Aren’t you afraid that you’ll stop looking in the year context?

I have my own take on contexts as well. I don’t very much like the Phone and Store contexts. I use tags for that.

What I do is divide my life into life areas. For that I am using Brian Tracy’s ideas about the 7 areas of life and goal setting but simplify a bit. My contexts are Personal, Family and Friends, Home and Finance, Work and Career, Education and Reading, Body and Fitness and lastly Hobbies.

This has worked well for me.

Here’s an old screenshot of how I use this in Things:
http://www.flickr.com/photos/ragnarfreyr/3269402990/


Yes, I use areas as well, they are very similar to the ones you use. I could not do without them.

I have them as folders in OmniFocus and in each folder I have a project that belongs in that area. So it’s a hierarchy of projects where each node in the root is a area.

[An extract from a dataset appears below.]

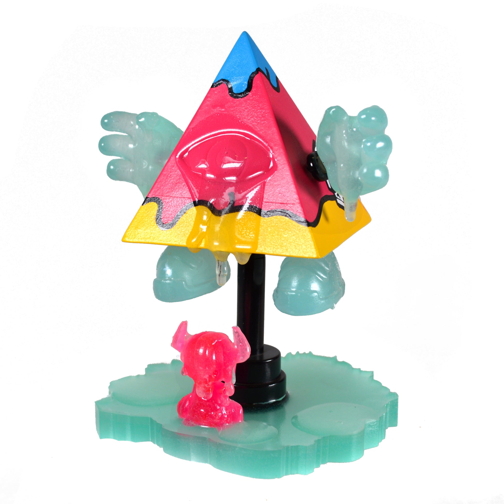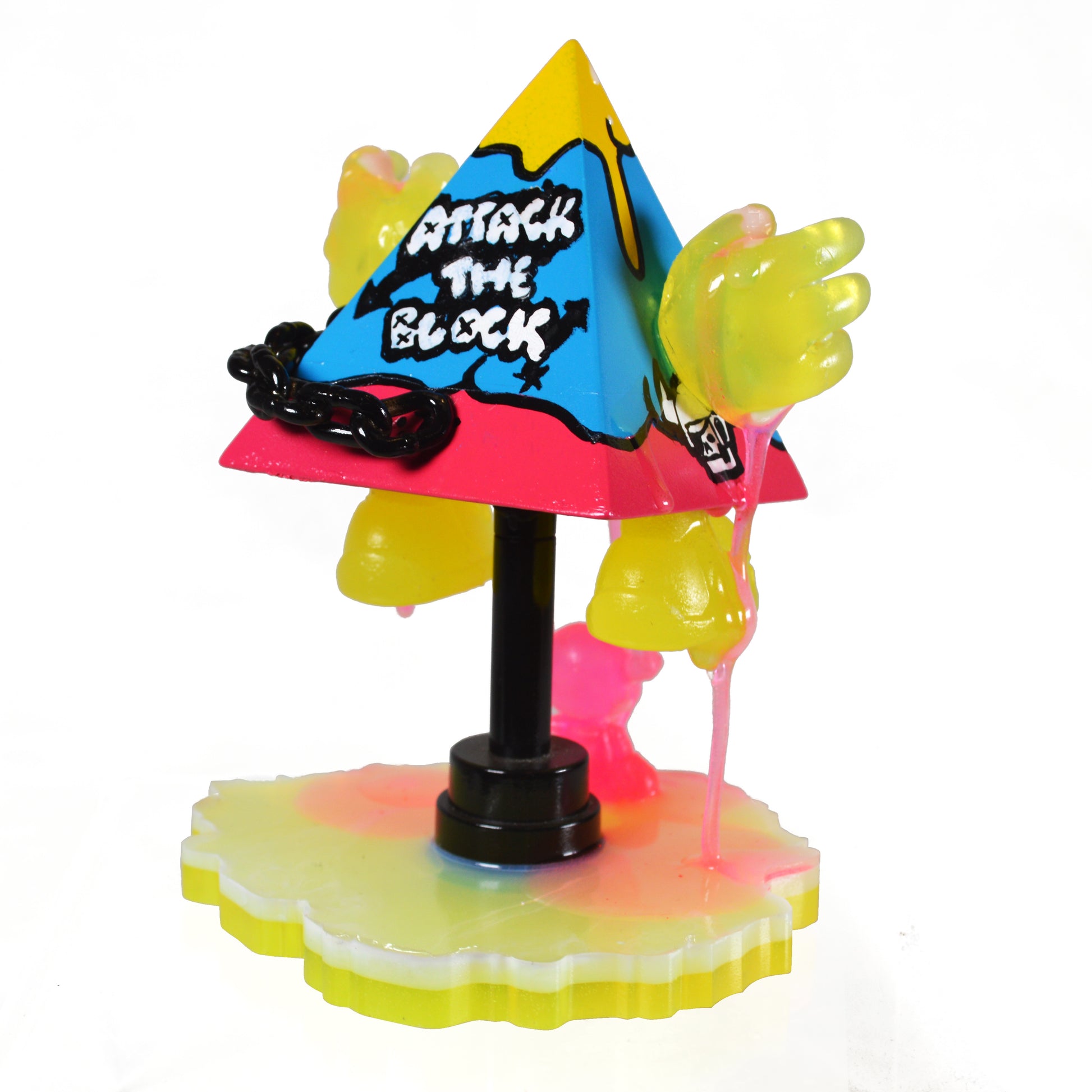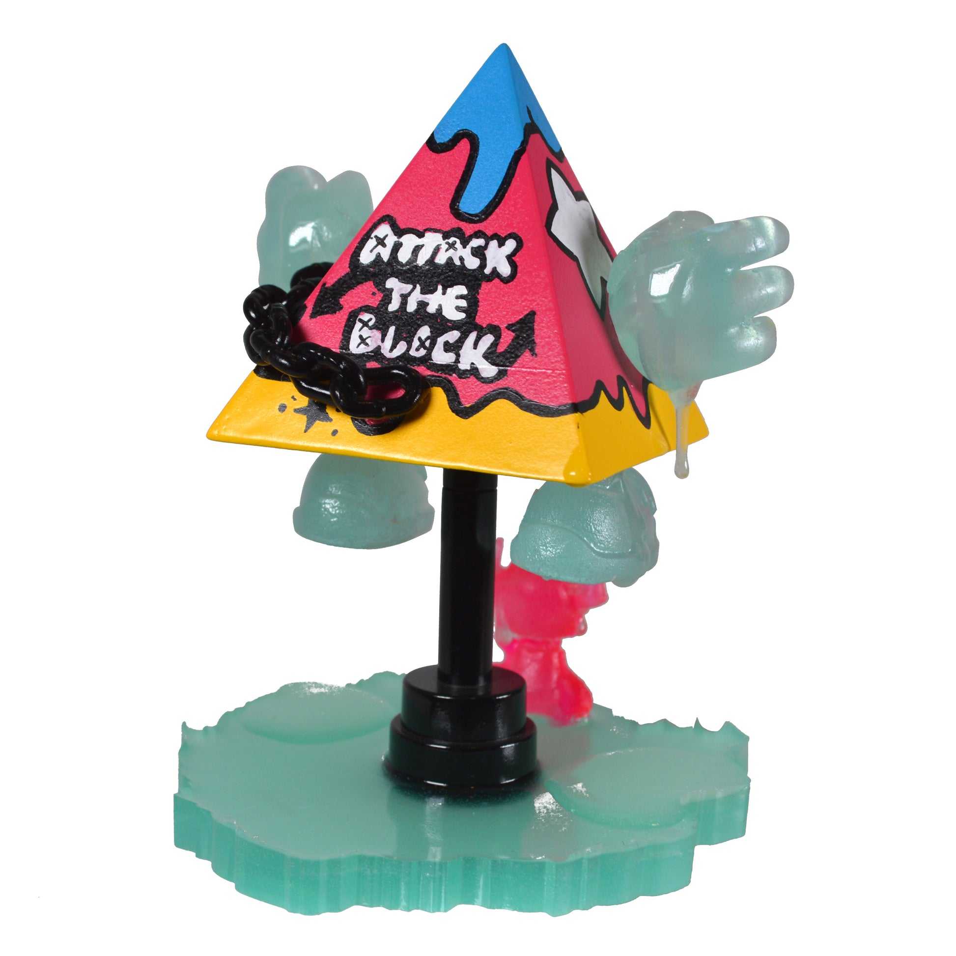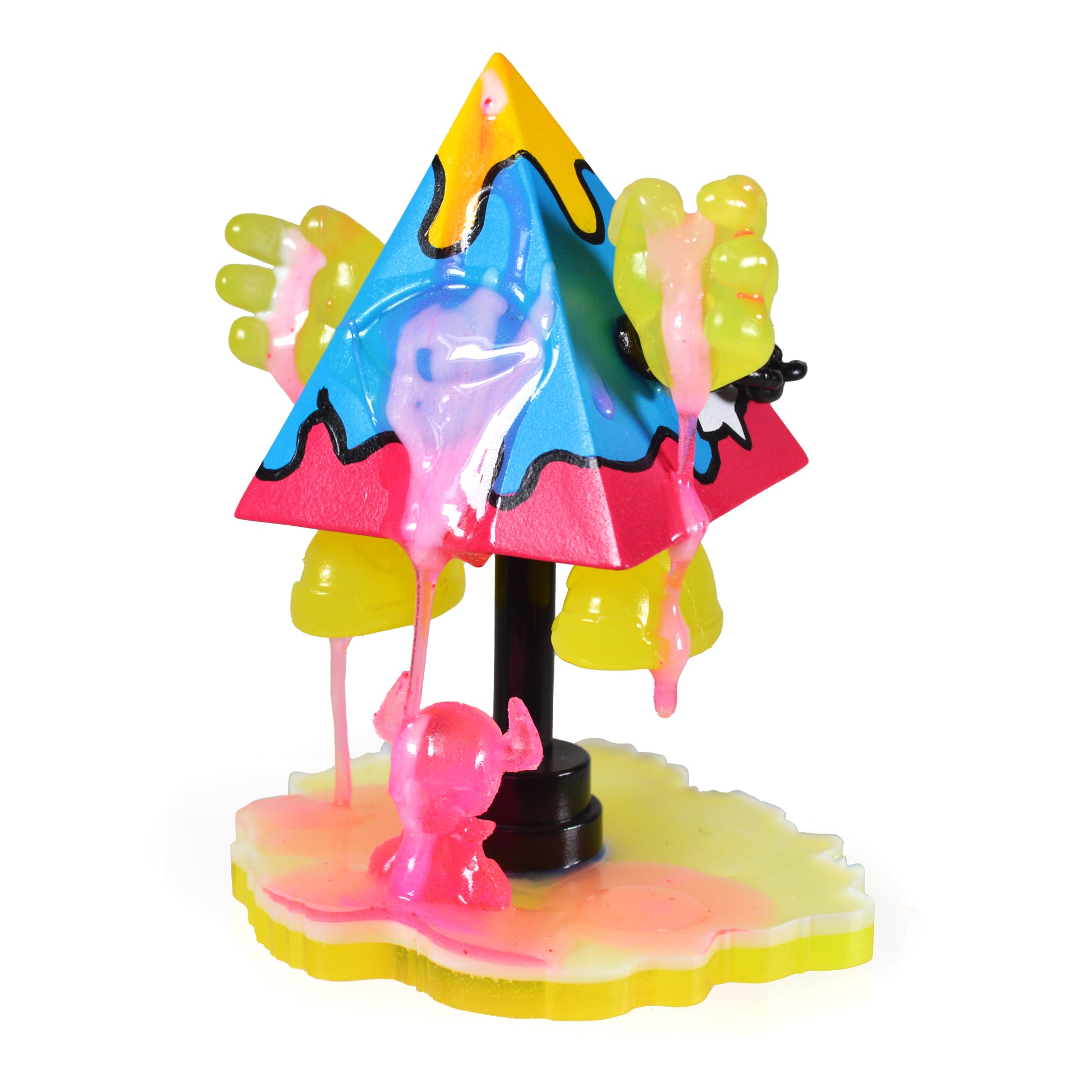 Spray paint and acrylic on vinyl pyramid,

Actually, I created this hierarchy when I had to get my document storage under control. So far I’ve managed to use this hierarchy mostly unchanged for files, in my peronal finance software (not anymore since going Meniga), in iPhoto.

What I like is that it’s an organizational layer that transcends software.

>Aren’t you afraid that you’ll stop looking in the year context?

I have weekly, monthly, quarterly, yearly reviews. When doing those reviews I look up a scope (month when doing weekly, quarter when doing monthly etc).